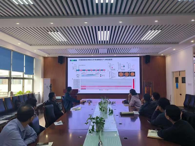 商连光研究员以《水稻超级泛基因组构建及重要应用》为题,介绍了多年开展的水稻种质资源的收集、群体多组学大数据挖掘、重要农艺性状优异等位基因克隆及育种应用研究成果,重点阐述了团队构建的目前植物中群体规模最大的、基因组充分注释的、稻属中最为系统的超级泛基因组,该图谱的完成将极大地促进水稻功能基因挖掘和水稻种质资源利用。报告结束后,参会师生与商连光研究员就基因挖掘、育种利用等方面进行了深入的交流。
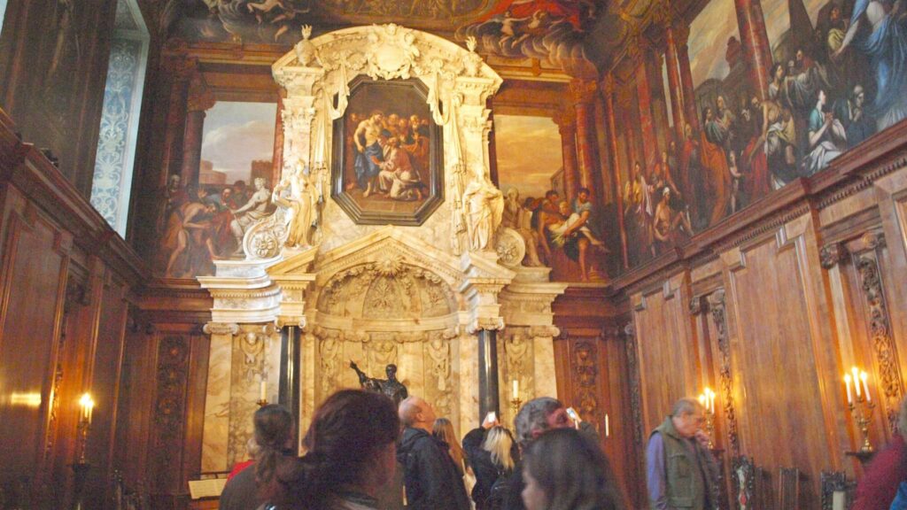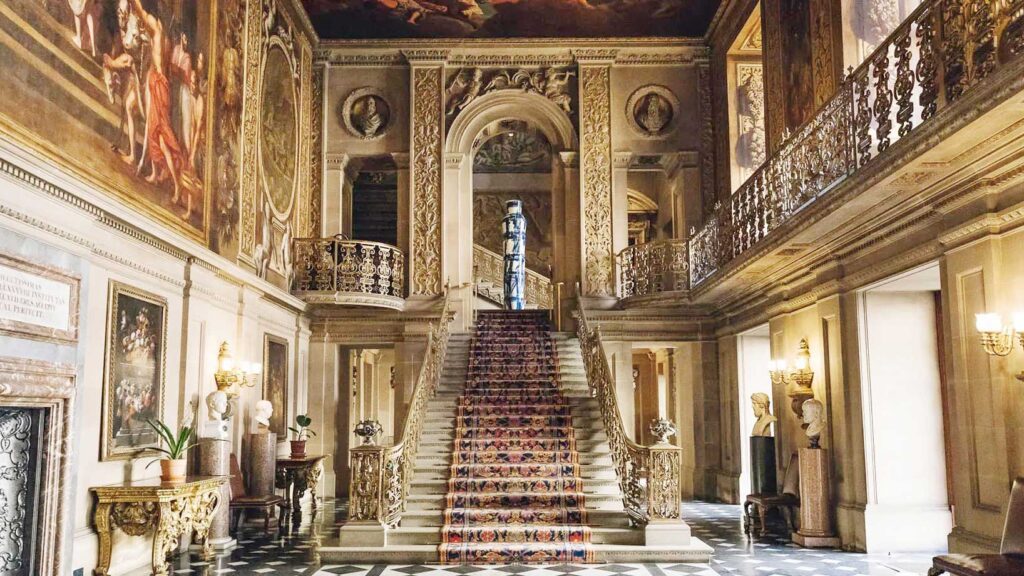 The house itself is a treasure trove of artworks spanning centuries. The Painted Hall serves as the lavish entrance of the house and features a black-and-white tiled marble floor. The painted ceiling and walls impart dramatic flair to the room and give the Painted Hall its name. It features dramatic scenes from the life of Julius Caesar.
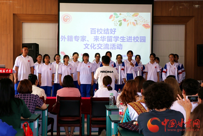 中國(guó)甘肅網(wǎng)6月26日訊 (西北角·中國(guó)甘肅網(wǎng)記者 張?zhí)m琴)6月25日下午,“百校結(jié)好”倡議之“外籍專家、來華留學(xué)生進(jìn)校園”文化交流活動(dòng)在蘭州交通大學(xué)附屬中學(xué)舉行。來自蘭州交通大學(xué)國(guó)際交流學(xué)院的外籍教師、來華留學(xué)生與該校師生熱情的互動(dòng)交流,為今年“百校結(jié)好”倡議系列活動(dòng)締結(jié)友誼之花再結(jié)“碩果”。
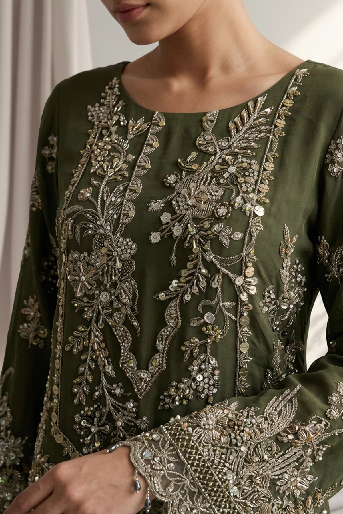 Full‑Length Embroidered Sleeves Elegant full sleeves with intricate embroidery, adding a polished and timeless finish.

===============

* Task brief:
Give the listing above again in its entirety, exactly as written and free of images.

* Response:
 商连光研究员以《水稻超级泛基因组构建及重要应用》为题,介绍了多年开展的水稻种质资源的收集、群体多组学大数据挖掘、重要农艺性状优异等位基因克隆及育种应用研究成果,重点阐述了团队构建的目前植物中群体规模最大的、基因组充分注释的、稻属中最为系统的超级泛基因组,该图谱的完成将极大地促进水稻功能基因挖掘和水稻种质资源利用。报告结束后,参会师生与商连光研究员就基因挖掘、育种利用等方面进行了深入的交流。
 The house itself is a treasure trove of artworks spanning centuries. The Painted Hall serves as the lavish entrance of the house and features a black-and-white tiled marble floor. The painted ceiling and walls impart dramatic flair to the room and give the Painted Hall its name. It features dramatic scenes from the life of Julius Caesar.
 中國(guó)甘肅網(wǎng)6月26日訊 (西北角·中國(guó)甘肅網(wǎng)記者 張?zhí)m琴)6月25日下午,“百校結(jié)好”倡議之“外籍專家、來華留學(xué)生進(jìn)校園”文化交流活動(dòng)在蘭州交通大學(xué)附屬中學(xué)舉行。來自蘭州交通大學(xué)國(guó)際交流學(xué)院的外籍教師、來華留學(xué)生與該校師生熱情的互動(dòng)交流,為今年“百校結(jié)好”倡議系列活動(dòng)締結(jié)友誼之花再結(jié)“碩果”。
 Full‑Length Embroidered Sleeves Elegant full sleeves with intricate embroidery, adding a polished and timeless finish.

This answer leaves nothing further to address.